Em uma ocasião disse o mesmo Senhor a Seu favorecido Agostinho: Eu sou manjar de grandes, tu Me comerás, mas não Me mudarás em ti, antes bem tu te converterás em Mim. É isso o que pretende o amante Jesus Sacramentado: unir-Se de tal sorte conosco por alimento, que Se converta em nós, e nós nos transformemos n'Ele. O Grande Imperador Teodósio, quanto voltava da guerra, ainda com o sangue quente das batalhas, estreitava fortemente em seu peito o filho Honório, para transformá-lo, como ele dizia, em seus esforços marciais. Mas quanto melhor nos converte em Si o amoroso Jesus, quando, vertendo Sangue vivo de Suas veias, nos abraça estreitamente, e nos infunde Seu Espírito para fortificar-nos nesta vida, que também é milícia sobre a terra.

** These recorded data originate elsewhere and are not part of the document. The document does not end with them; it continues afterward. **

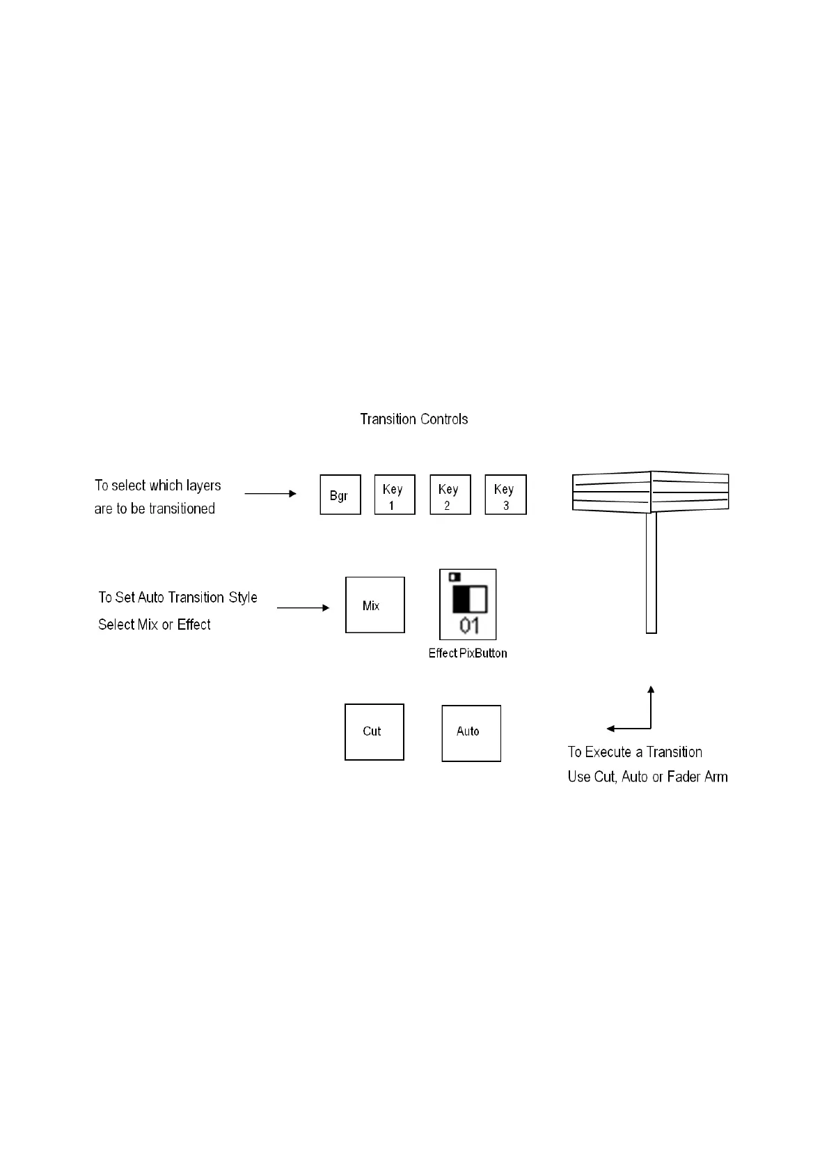 The transition section of the control panel manages all transitions. It is illustrated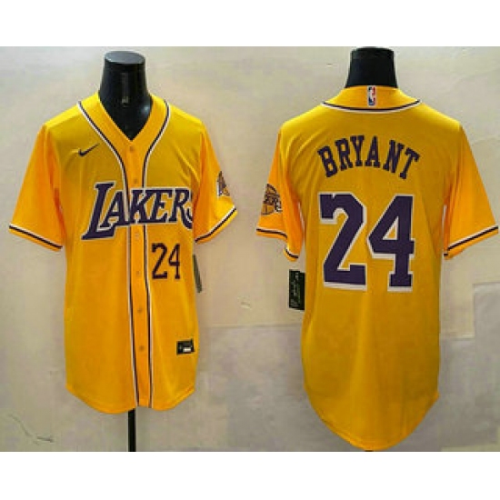 Men's Los Angeles Lakers #24 Kobe Bryant Number Yellow Purple With Cool Base Stitched Baseball Jersey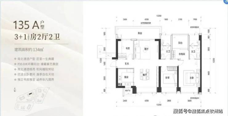 135㎡为B户型横厅格局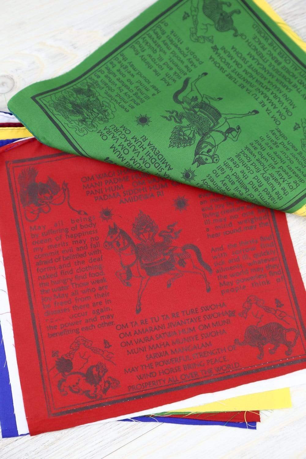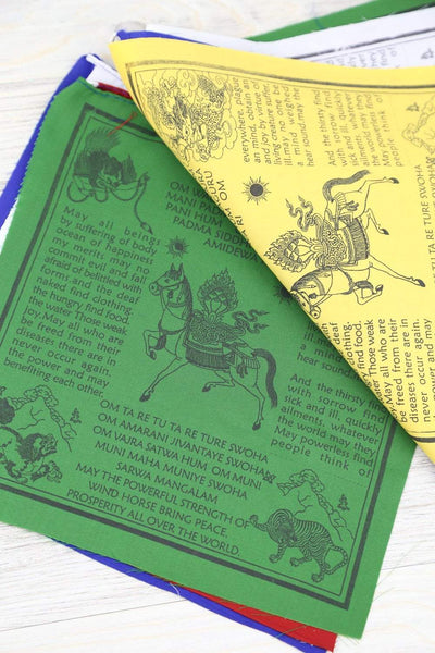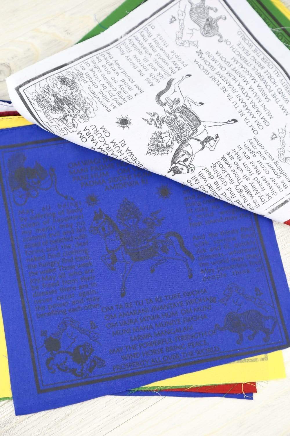 • These flags have the traditional prayers in English and Tibetan transliteration.  Each flag is screen printed by hand in Kathmandu, Nepal.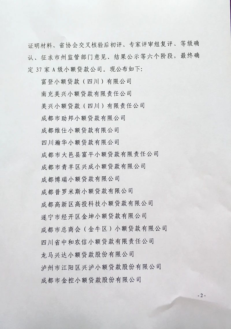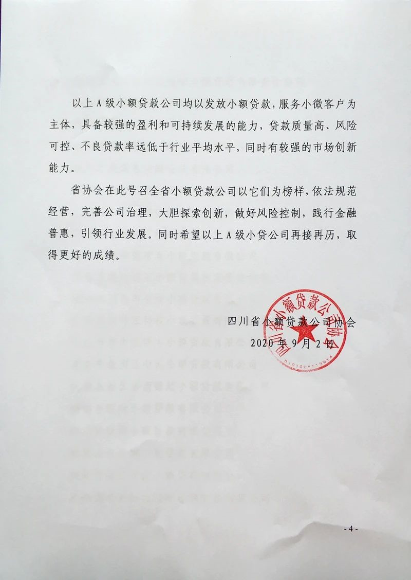 近日,四川省小额贷款公司2018-2019年度行业评级结果公布,我市23家小额贷款公司获评A级!!!
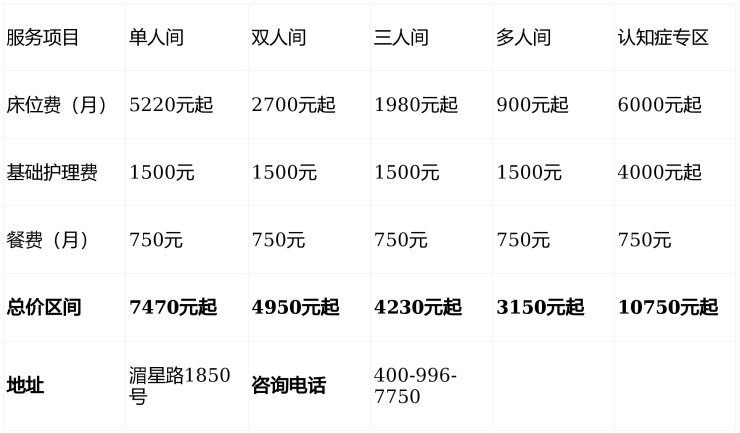 价格说明:以上费用为2026年基准价,实际收费可能因房型、护理等级调整,具体以院内报价为准,详询400-996-7750。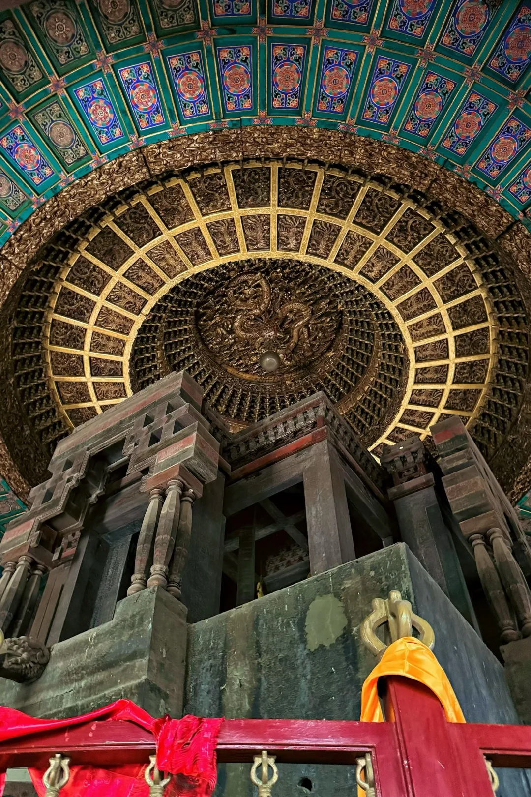 旭光阁很像北京天坛的祈年殿,阁内的藻井很美,值得一看
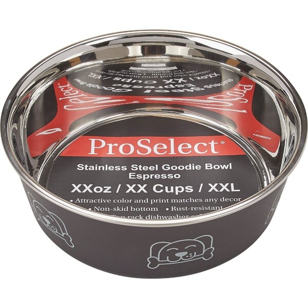 ProSelect Stainless Steel Goodie Bowl features a polished poly resin exterior non-skid bottom and stainless steel bowl. Attractive color and dog print matches any decor. Skid-resistant to keep eating area tidy clean. Stainless steel bowl is super easy to clean dishwasher-safe and nonporous. Wont hold on to any harmful bacteria. Stainless steel bowls are extremely durable and unbreakable. Top rack dishwasher safe for easy cleaning.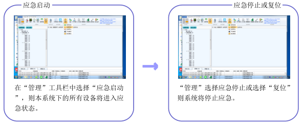 正常情況下本系統(tǒng)與消防火災報警主機通過開關量輸入或RS232通訊方式保持相連,有火災報警情況時,本系統(tǒng)將自動啟動應急狀態(tài)(標志燈常亮、照明燈亮起)。若手動模擬啟動應急與復位參考如下操作步驟: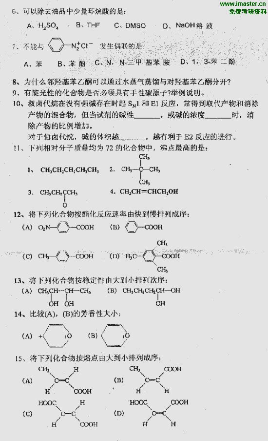 中国石油大学(华东)2000年考研真题-有机化学(3)
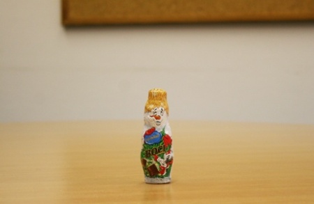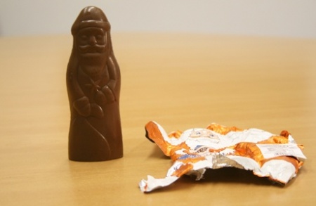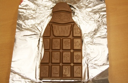 Kibontva a Mikulás a vártnál szebben-jobban kidolgozott, bár kissé nagy a különbség a külső és a belső arculat között. Nem tudtuk eldönteni, hogy egy kerti törpével vagy magával a pápával állunk-e szemben. A finom fehér réteg az amúgy túl sötét csokoládén nem volt valami bizalomgerjesztő és az illata is olyan, mintha régi lenne. Kb. 60 centis magasságból oldalra ejtve nem törik, azonban a fejére ejtve az ominózus testrész gond nélkül elválik a nyaktól – méghozzá szilánkosan.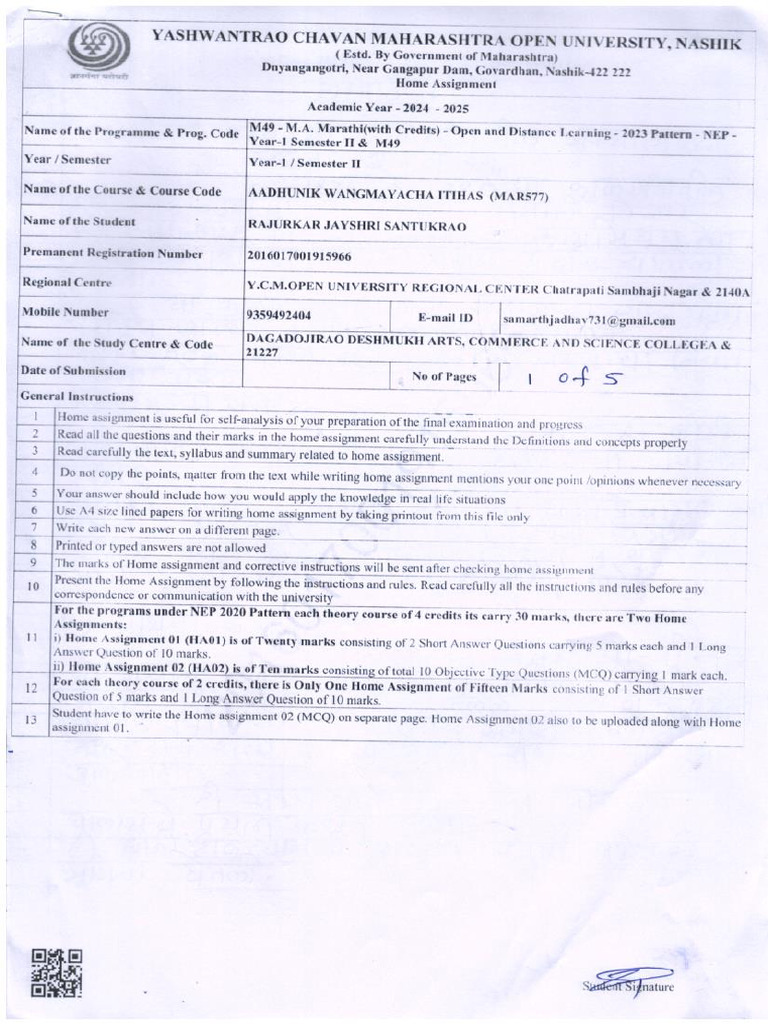 ‘Name of the Student : RAJURKAR JAYSHRI SANTUKRAO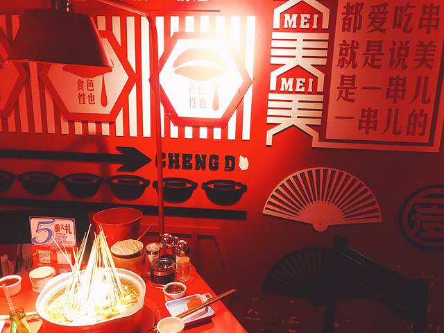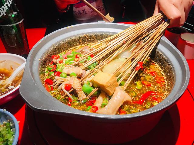 在春熙路基本没逛就出来了,准备找地方吃饭。远远的看见有一家串店,生意不错,排队也不需要等很久,尝尝成都的串串。
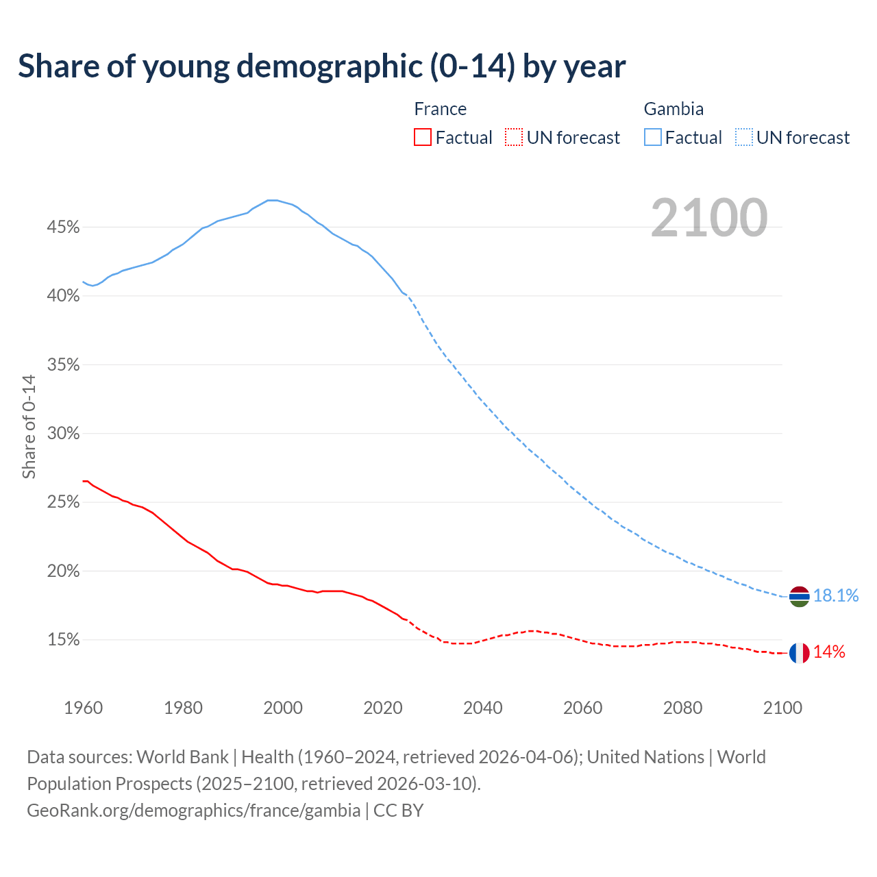 - The share of young demographic (0-15 years old) in France is 16.5% vs 40.2% in the Gambia.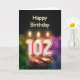 A birthday cake with candles. The candles are made up of the number 102, for a 102nd birthday. A birthday card suitable for everybody.
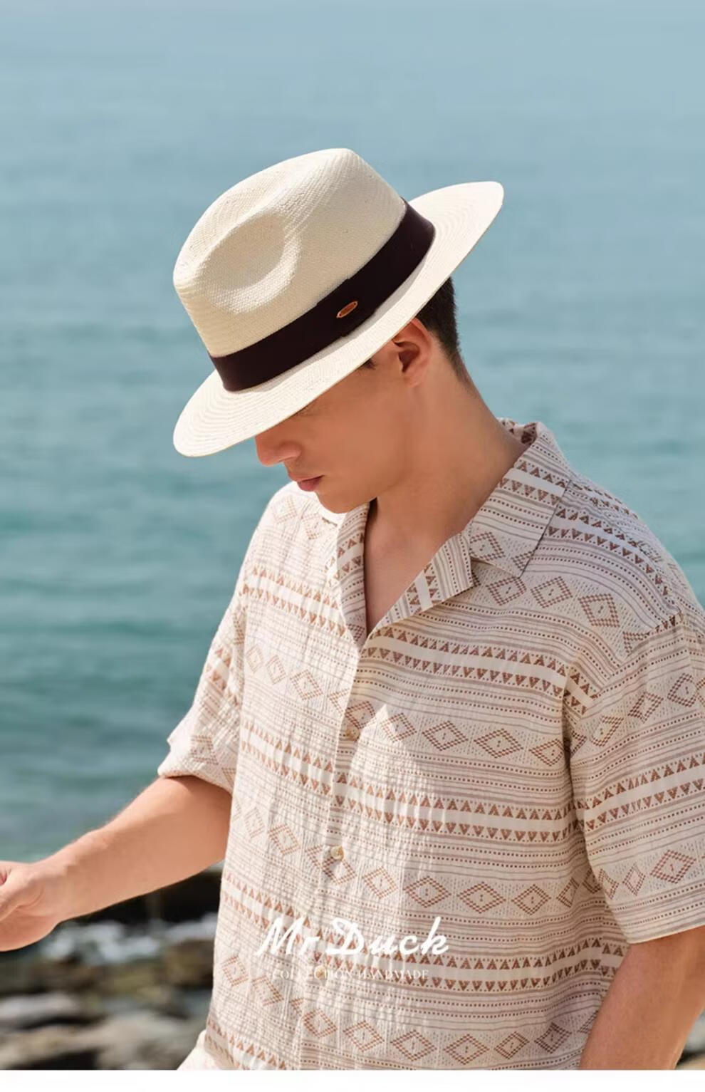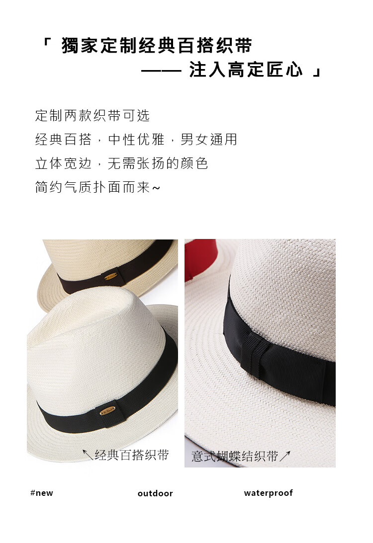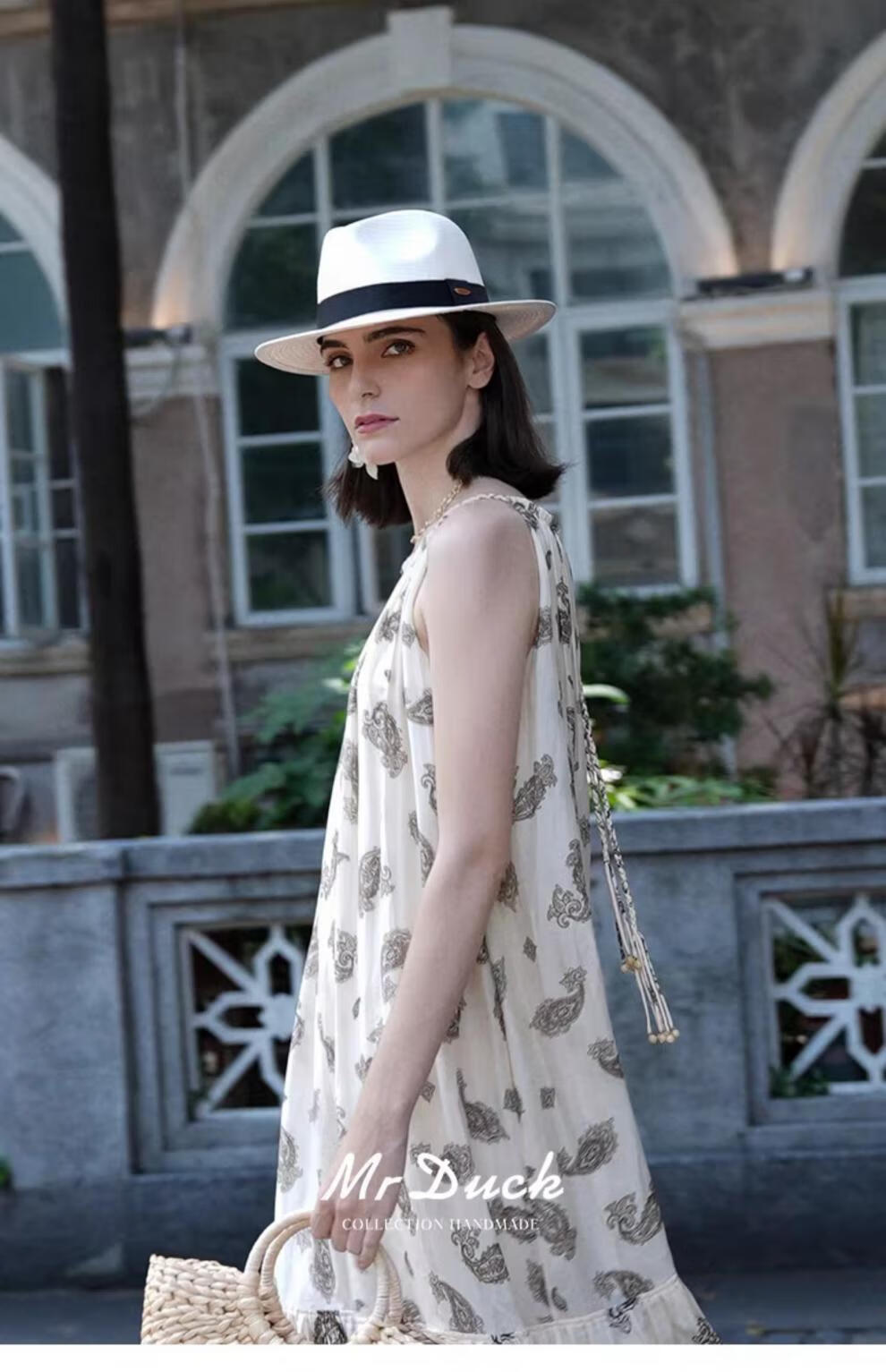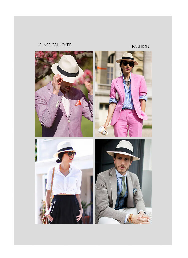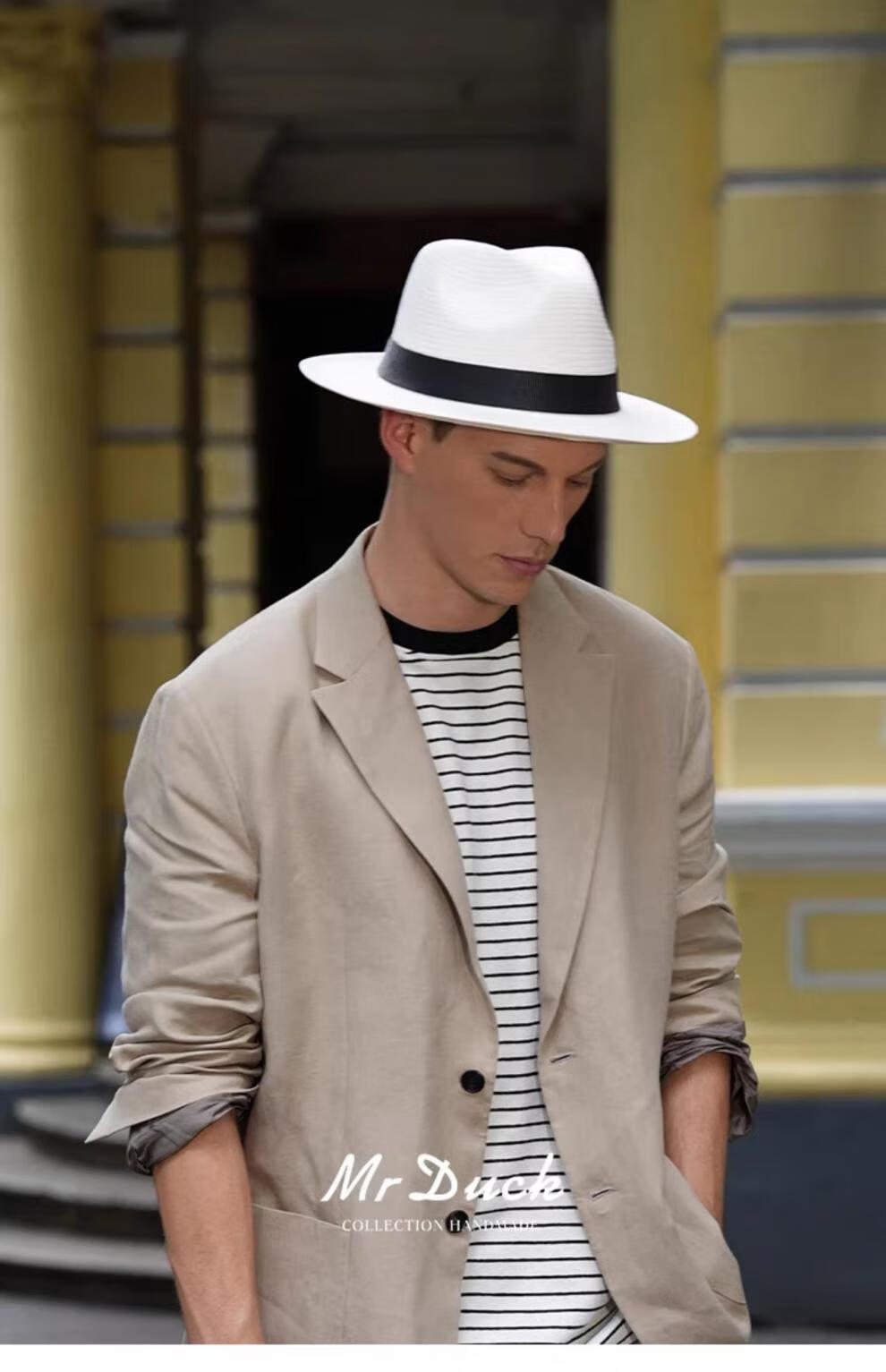 Handwoven Panama Straw Hat Men's Summer Gentleman's Sun Hat White Top Hat Women's Sun Protection Hat MS186108 - Off-White (Classic Small Side) S Size (52-55cm)

Falsas e fingidas foram aquelas promessas que o pai da mentira fez ao primeiro homem, de que seria como Deus se comesse daquele fruto que lhe fora proibido no Paraíso. Porém, se Adão tivesse provado d'Este Pão Deífico, d'Esta Carne Sacramentada de Jesus, bem poderia eu seguramente prometer-lhe que ficaria divinizado. Este é Aquele Pão ao Qual São Cirilo chama: Satus in Virgine, in Ecclesia fermentatus. Sabeis, diz esse grande Doutor, que Pão é Este? É o Pão semeado no Coração Virginal de Maria, fermentado na Igreja e amassado com o Sangue de Jesus.
Foi um aviso para os de Taranto, de mil calamidades que por quatro anos padeceram, sair sangue ao partir o pão que comiam. Mas perguntai a uma Teresa o que ela sentiu d'Este Divino Pão, quando, entrando-lhe na boca, a encheu do precioso Sangue de Jesus, Que a afogou em um mar de doçuras. Perguntai a uma Maria Ogniacense, filha do Grande Patriarca São Domingos, que sintomas morais eram aqueles que padecia apenas em chegar ao lábios o pão, que não estava consagrado; efeitos que não lhe causa o Divino Pão Eucarístico, pelo Qual unicamente anelava, e recebia com ardentíssimos afetos. Muitas experiências fizeram com ela os Sacerdotes, trocando a forma consagrada por outra não consagrada, e acharam que fosse perder a vida.
Concluamos dizendo que n'Este admirável Sacramento estão já decifrados os enigmas que não entenderam os convidados de Sansão; porque Este é o suavíssimo mel que se achou na boca do Leão. Este é o pão guardado pelo verdadeiro José para livrar da fome o Egito do mundo inteiro. Este é, finalmente, o pão no Qual o amor transformou a Carne de Jesus para ser nesta vida nosso único alimento.
(Finezas de Jesus Sacramentado para con los hombres, e ingratitudes de los hombres para con Jesus Sacramentado. Escrito en Toscano, y Portugués por el P. F. Juan Joseph de S. Teresa Carmelita Descalzo. y traducido en castellano por D. Iñigo Rosende presbitero. Con licencia. Barcelona: En la Imprenta de los Herederos de Maria Angela Marti, Plaza de S. Jayme, año 1775.)